I use it for years now.

------
randomvectors
I use Blank New Tab Page on Chrome -
[https://chrome.google.com/webstore/detail/blank-new-tab-
page...](https://chrome.google.com/webstore/detail/blank-new-tab-
page/jaadjnlkjnhohljficgoddcjmndjfdmi?hl=en)

Originally I got it because I noticed that seeing the same few sites on the
new tab page influences my browsing patterns. I suppose it also works for
avoiding messages from Google.

------
ksaj
I use Markdown New Tab so my default tab is whatever I want it to be.

Currently it has links to my most common visited sites, a TODO list and some
bookmarks for a subject I'm heavily absorbed in.

No ads whatsoever, and it shows whatever I need/want it to show.
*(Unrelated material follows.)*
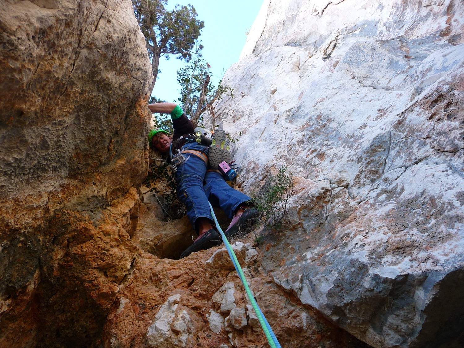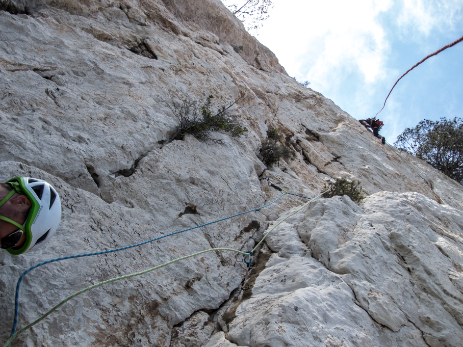 L4 : 5b, 25 mètres; Un pas dur pour rentrer dans une cheminée assez végétale, la remonter jusqu’à l’arête, relais à construire.

And of
course, markdown is pretty slobberproof.

------
salutonmundo
I think they try to make the "blank page" screen like a fancier google.com,
which frequently has similar ads.

Switch to Firefox :D

------
afarrell
If you want to get rid of it, the chrome plugin named Momentum is nice.

------
DerekQ
Doesn't everyone know the answer to this question by now? How much have you
paid for Chrome? If it's nothing, then why wouldn't they serve you ads?